Depuis 2021, 10 agressions de détenteurs de cryptomonnaies (ou d'un membre de leur famille) ont eu lieu dans le pays, dont 4 enlèvements depuis le début de l'année. A l'issue de la réunion à Beauvau, plusieurs mesures visant à assurer leur sécurité seront appliquées, notamment une "collaboration renforcée avec les forces de sécurité intérieure", un accès "prioritaire" au numéro d'appel d'urgence 17 ou encore une "consultation de sûreté à leurs domiciles par les référents sûreté de la police et de la gendarmerie".

"Ce n'est qu'un début"

L'Adan (l'Association pour le développement des actifs numériques) qui représente l'ensemble des acteurs cryptos en France et en Europe, "salue l’engagement et la mobilisation du ministère de l’Intérieur à l’issue de la réunion de ce matin", selon un communiqué consulté par BFM Business.

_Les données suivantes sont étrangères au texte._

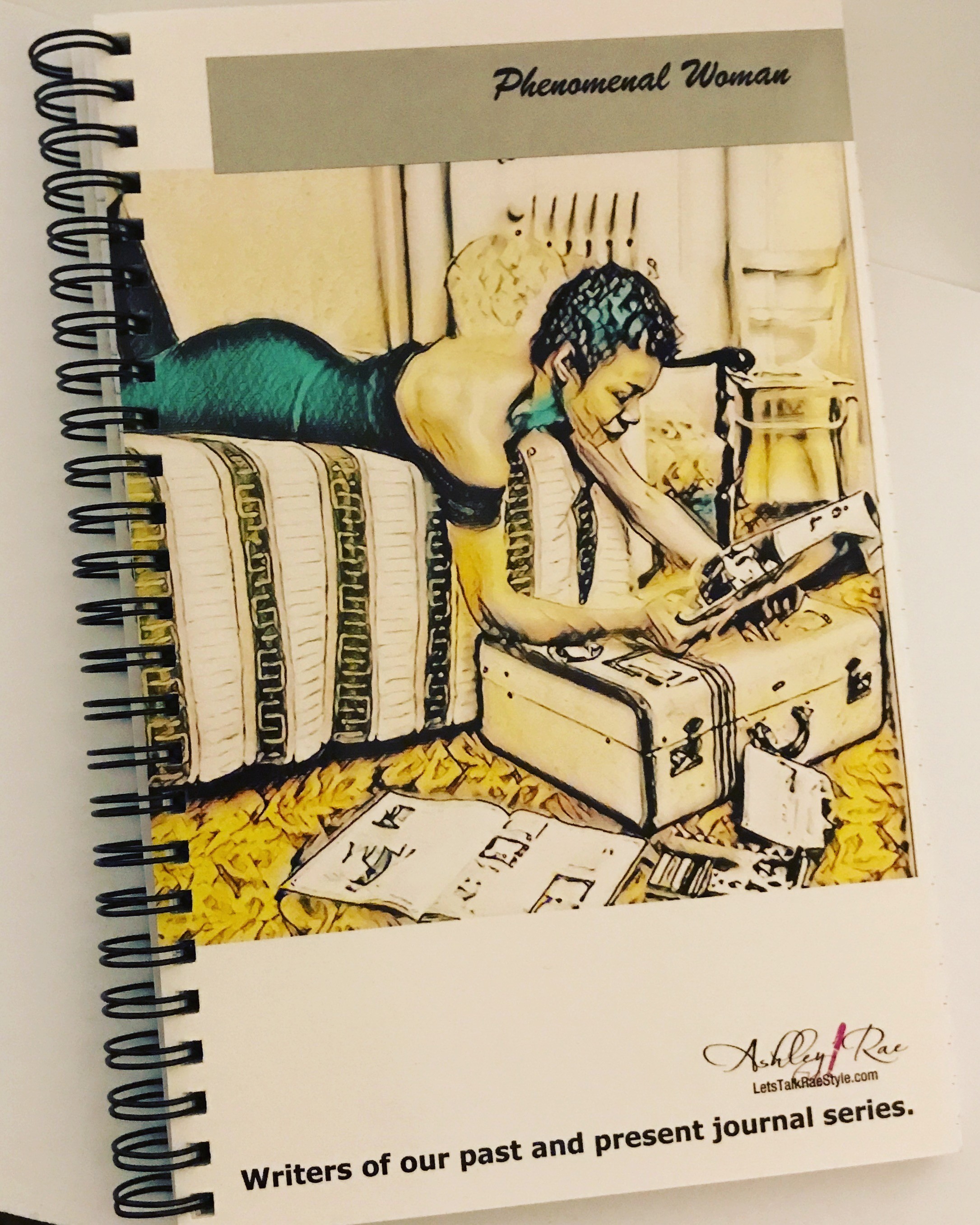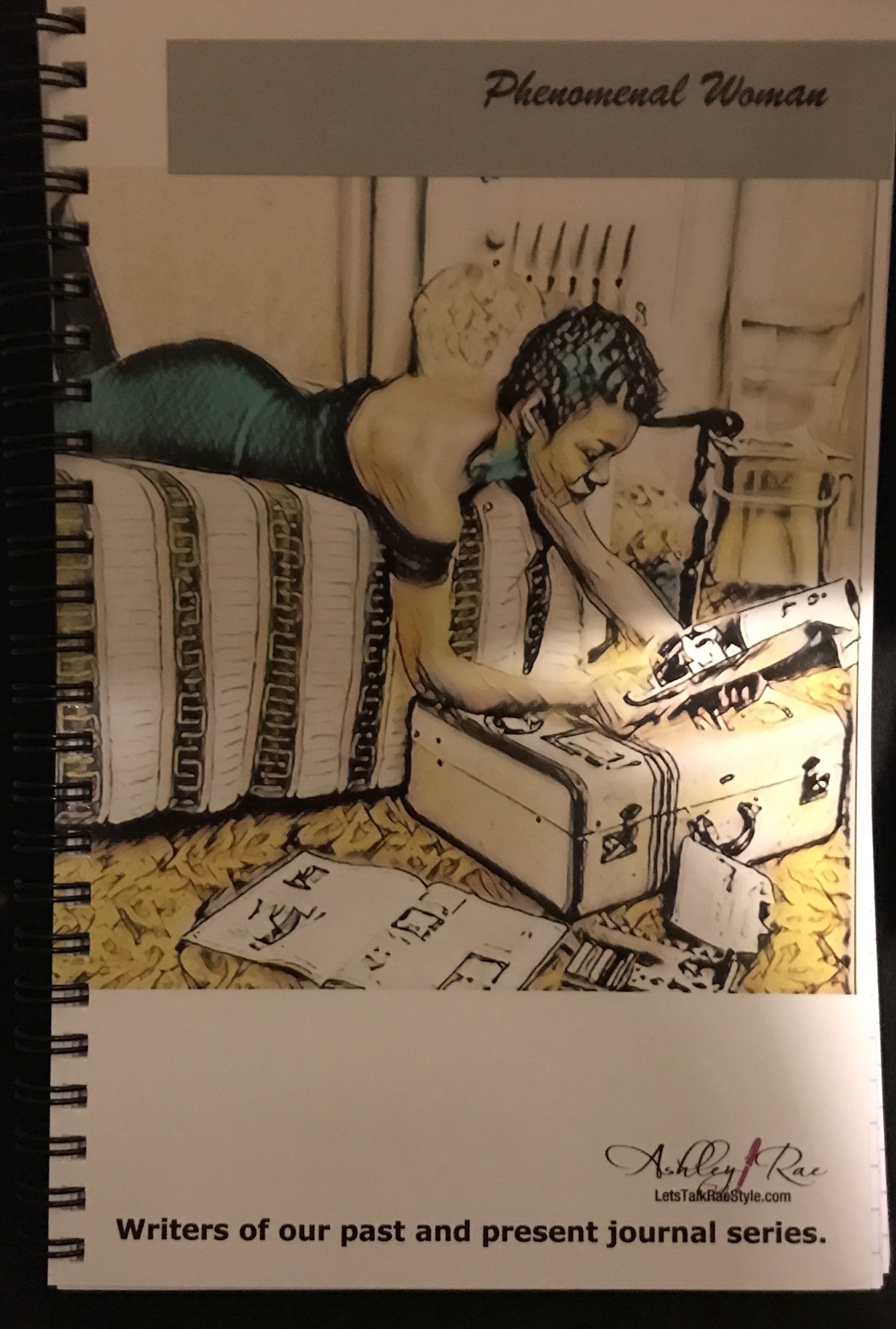 Journal cover hass an adaptation of a young version of Maya Angelou reading across her bed. This journal consist of 80 lined pages.
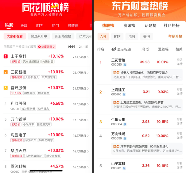 同花顺热榜:山子高科、三花智控、首开股份、利欧股份、万向钱潮

"Des mesures de court terme indispensables sont désormais sur la table pour répondre à l’urgence sécuritaire. Ce n’est qu’un début. Il faut maintenant bâtir un dispositif pérenne en associant pleinement le ministère de la Justice, Bercy et l’Intérieur. Le secteur attend un engagement à long terme, à la hauteur des enjeux", peut-on lire.

Il est temps de "mettre fin à la diffusion d'idées reçues dans le débat public: les crypto-actifs sont traçables. Les mots ont un sens, et les approximations des conséquences", rappelle le lobby des cryptos.

Présent lors de la réunion, Eric Larchevêque, co-fondateur de la plateforme Ledger (et dont l'associé David Balland a été enlevé il y a quelques mois avant d'être libéré avec un doigt mutilé) a déclaré que la "mobilisation, tant du Ministre que de l’ensemble des autorités présentes, a été à la hauteur des enjeux".

"Ce que je souhaite, c’est d’avoir les moyens légaux de nous protéger nous-mêmes. Dans le respect de la loi, dans l’esprit d’une légitime défense réelle et reconnue", a écrit ce dernier, suggérant plusieurs mesures concrètes, comme celle de supprimer les adresses publiques des dirigeants sur les bases de registres des entreprises. "Personne ne devrait avoir à se cacher ou craindre pour son intégrité pour le seul motif d’avoir réussi", précise ce dernier.

"Un bal de mesurettes"

Certains membres de l'écosystème crypto sont cependant déçus des mesures proposées par le ministère de l'Intérieur. "Priorité d'appel au 17: inutile une fois tabassé, dans une camionnette et débarrassé de son téléphone!", regrette l'expert en sécurité et cryptomonnaies Renaud Lifchitz, évoquant un "bal de mesurettes".

Pour ce dernier, d'autres pistes doivent être explorées pour véritablement assurer la sécurité des patrons dans les cryptos. En outre, Renaud Lifchitz évoque un moratoire sur la règlementation européenne dite Travel Rule (comme demandé par Paymium), un retrait de l'article crypto de la loi narcotrafic, des études d'impact sur les réglementations KYC et AML existantes ainsi que la non divulgation des adresses des personnes physiques dans les registres des greffes du commerce.

Avant la réunion de ce matin, le patron de Paymium, Pierre Noizat, proposait des mesures concrètes de protection, à l'instar d'une "protection temporaire des personnes" en situation d'urgence. "On voudrait juste sortir de l’enfer. Je pense que le ministre a une mission impossible: traiter un problème qui grossit trop vite. Il faut utiliser le pseudonyme, c’est très important", a déclaré ce dernier sur BFMTV ce vendredi. Il semblerait qu'il n'ait pas été écouté.